As BP is under no obligation to tell us what is going on at the Thunder Horse oil well, little news other than mandatory federal production reports have been released.

Meanwhile, geologists and petroleum engineers are now debating the worst case scenario at the doomed Gulf Deepwater Horizon oil spill amid growing evidence that the well’s casings beneath the ocean floor have been irreversibly damaged, possibly to such an extent that it may be impossible to cap the well.

Weakened sand and salt layers above the reservoir could simply collapse, turning a wide area of the outer continental shelf sea floor into an underwater sinkhole that could bleed 2 billion to 3 billion barrels of oil into Gulf of Mexico waters.

In addition, seismic shock tremors could roll in all directions for miles, with an unknown effect on other nearby oil fields, including BP’s Thunder Horse oil field located 15 miles south-southeast of the blowout.

Bill Clinton is the latest big name to weigh in on how to best manage the Deepwater oil spill.
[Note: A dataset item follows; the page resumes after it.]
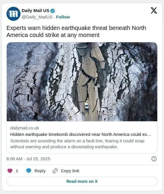 阿拉斯加地震中心首席地震学家迈克尔·韦斯特博士(Dr. Michael West)在接受《每日邮报》采访时表示。“这项研究显示,这条被忽视的断层实际上在悄悄积蓄力量,可能正走向一次极具破坏性的释放”。

The former president said it “may become necessary” for the Navy to use explosives on the seafloor in order to stop the spill.

However many experts believe that if you set off a large explosion at the wellhead, you would somply produce a crater in the seabed, with a ragged piece of the casing projecting from the crater bottom, gushing oil at at at least as high a rate as it is now. Peak oil in the Gulf of Mexico any time soon?